Im lumbosakralen Übergang werden die Iliolumbalbänder an der konvexen Seite (kurzes Bein) gedehnt werden. Das löst einen lokalen Schmerz aus mit Ausstrahlung am Beckenkamm entlang und in der Leiste, bis zur Innenseite des Oberschenkels. Einen lokalen Druckschmerzpunkt findet man häufig am Ansatz der Bänder am Beckenkamm oder der Transversi von L4 oder L5. Die Iliosakralbänder an der gleichen Seite sind ebenfalls häufig gestresst. Neben dem lokalen Schmerz können Sie eine Schmerz an der lateralen Seite des Oberschenkels produzieren. Häufig sind auch schmerzhafte Triggerpunkte des M. quadrantus lumborum an der Seite der LWS-Konkavität.

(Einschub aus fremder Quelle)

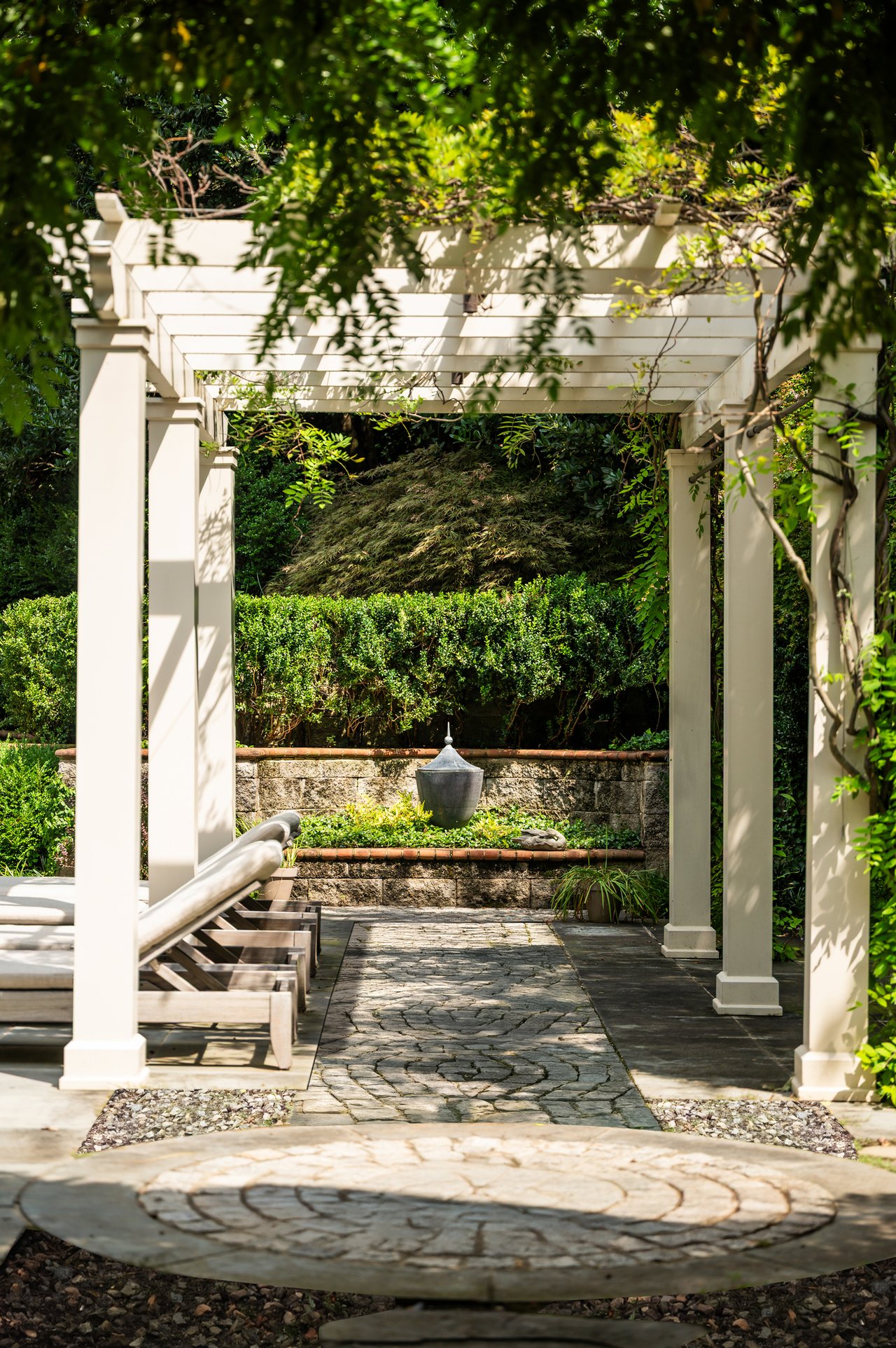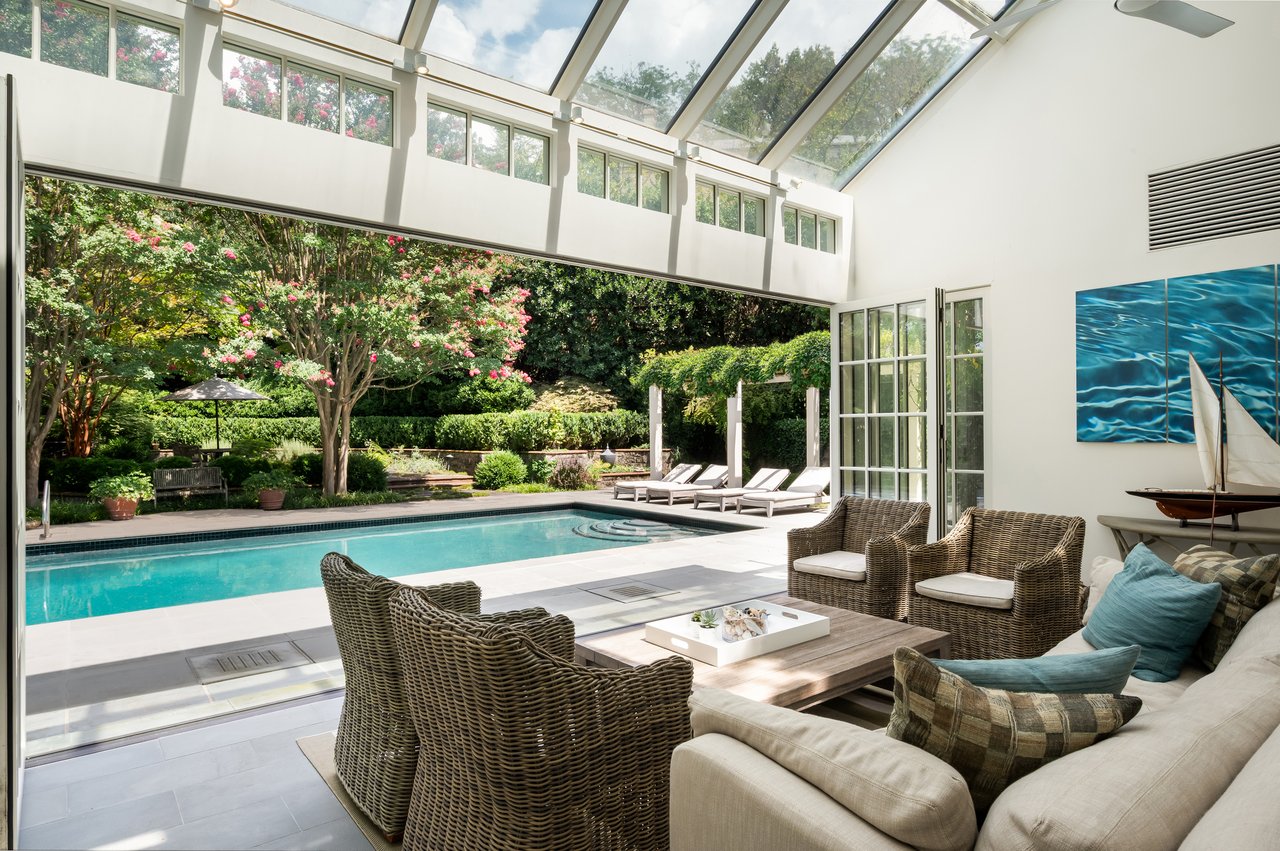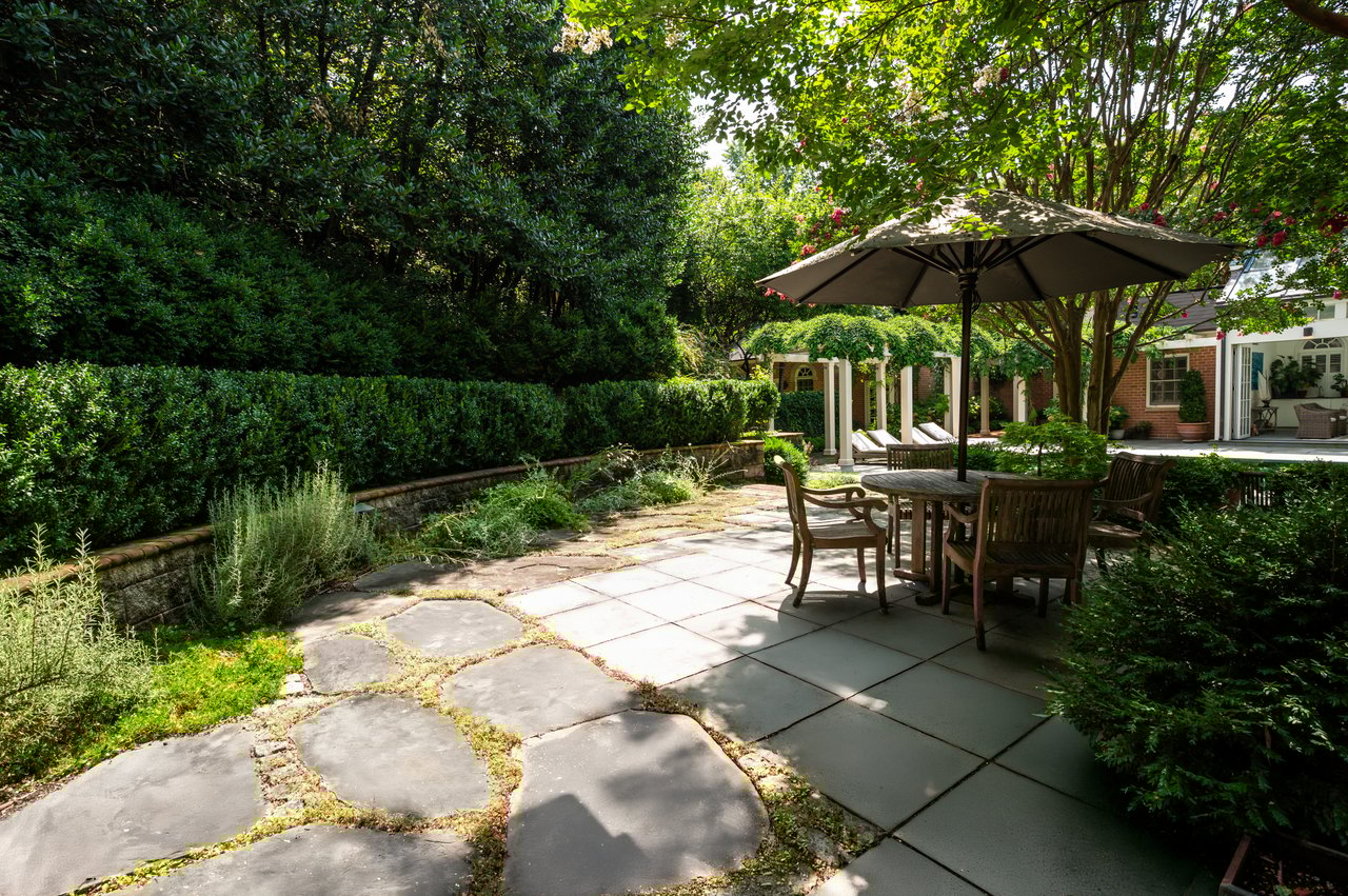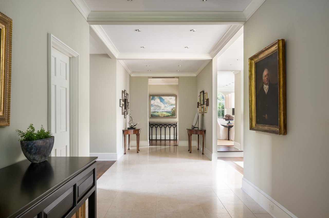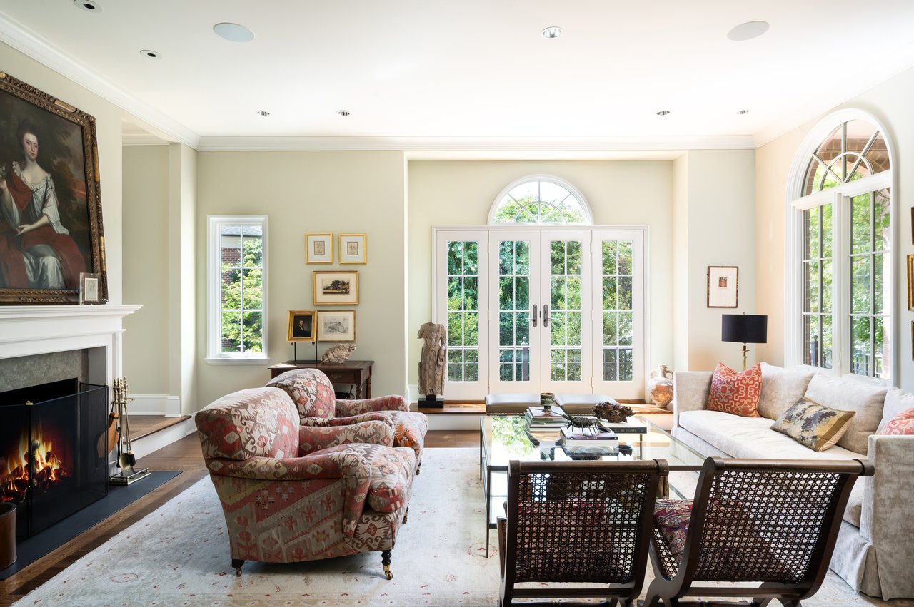 Synonymous with quiet luxury and understated elegance, Kemble Place is one of Washington’s most sought-after enclaves. Nestled within this exclusive community, 4814 Kemble Place occupies a rare double lot shaped by the graceful curve of the street, creating a rare combination of expansive space and privacy. The residence is an update on the classic red brick Colonial, blending timeless architectural principles with modern livability. Its façade nods to the grand estates of the past while incorporating contemporary elements, creating an unmistakable presence. A dramatic, offset entry introduces the home through a transverse limestone gallery, where a formal powder room and coat closet are discreetly tucked away. Natural light pours into the living spaces through elegant casement windows, highlighting substantial millwork and thoughtful architectural detailing. The sweeping custom designed staircase, floating above a dramatic picture window, aligns beautifully with the formal living room. Anchored by an English limestone fireplace and framed by a balcony overlooking the streetscape, it exudes both scale and refinement. Adjacent, the stately dining room flows into a bay-windowed breakfast room with built-in cabinetry, connecting to the kitchen.. The kitchen featuring luxurious marble countertops, a Thermador cooktop capped by an oversized stainless steel hood, integrated panel Sub-Zero refrigerator/freezer and wine storage modules, Miele ovens and dishwasher, SieMatic cabinetry, and a waterfall wooden bar at the back of the center island that creates seating for three. A 35” x 82” slab of veined marble sits behind the cooktop, cut so that the end pieces slide into the woodwork to reveal sets of lighted shelves. The kitchen is fully open to the adjacent family room, its wall of shelving and framed 65” TV niche infusing warmth and practicality into the space while two sets of French doors open onto the rear terrace. A private library/office with custom cabinetry and lighting and a wood-burning fireplace framed with Port Laurent marble complete the main level. The second floor is reached via a staircase with a pair of 11’ windows at the midway landing that affords the view of a specimen Japanese Maple tree. The staircase features a three-story hand-carved serpentine handrail that connects all floors of the house. At the second floor, a landing is illuminated by a skylight set in a vaulted ceiling lit by cove lighting. The capacious upper-level primary suite is accessed through an intimate vestibule, revealing a 25-foot, airy bedroom anchored on one end by a wood-burning fireplace. A stunning dressing room, whose perimeter is lined with custom closets, drawers, and a formal dressing table, serves as the transition into the primary bath. The marble-clad bath features a private nook for the oversized soaking tub, along with dual vanities, walk-in steam shower, and separate water closet. Three additional bedrooms branch off of the upper-level hallway, which is lit by three vaulted skylights. Each bedroom features ample storage space and an ensuite marble bath. A union of function and entertainment is found in the lower level. A 28-foot multi-purpose room, currently serving as an exercise suite, serves as the level’s main living area, while a professional temperature-controlled wine cellar with a capacity of almost 500 bottles plus shelving for cases is nearby. A dedicated laundry room, two separate storage rooms, a full bath, and access to the two-car garage complete the picture. A private resort, the home’s outdoor space is characterized by a seamless blend of manicured landscaping and extensive hardscaping. A raised patio overlooks mature trees and boxwood hedges that combine with rough retaining walls to create a verdant oasis. At the heart of the expansive grounds behind the main residence is a 40’ X 20’ pool with integrated spa, finished in bluestone and equipped with an automatic cover. The adjacent pool house opens via NanaWall to an al fresco lounge and long wet bar and features a full bath, garden shed and work room. A separate guest house with kitchenette and full bath separated from the pool house by double pergola covered terraces complete the private retreat—one that belies the home’s close-in location. Minutes from Georgetown, Downtown, and major commuter routes, 4814 Kemble Place stands as an exemplary residence at the pinnacle of Washington living.

Recht häufige Dysfunktionen im lumbosakralen Übergang sind eine unilaterale Dysfunktion des Sakrums nach anterior an der Seite des kurzen Beines, oder eine Torsion des Kreuzbeines nach vorne mit Rotation zum langen Bein sowie eine Extension-Rotation-Seitneigung – Dysfunktion von L4 oder L5.

Bei einer Sakrumtorsion nach posterior ist die Kreuzbeinbasis in der Regel posterior an der Seite des langen Beins. Von den unteren Extremitäten ist das lange Bein mechanisch am meisten belastet. Dort findet man häufiger Hüftarthrose, Gonarthrose sowie muskulären Stress der Adduktoren, des Psoas und der Glutaen. Ein Ischiassyndrom ist häufiger an der Seiten des langen Beins (60%) vorzufinden.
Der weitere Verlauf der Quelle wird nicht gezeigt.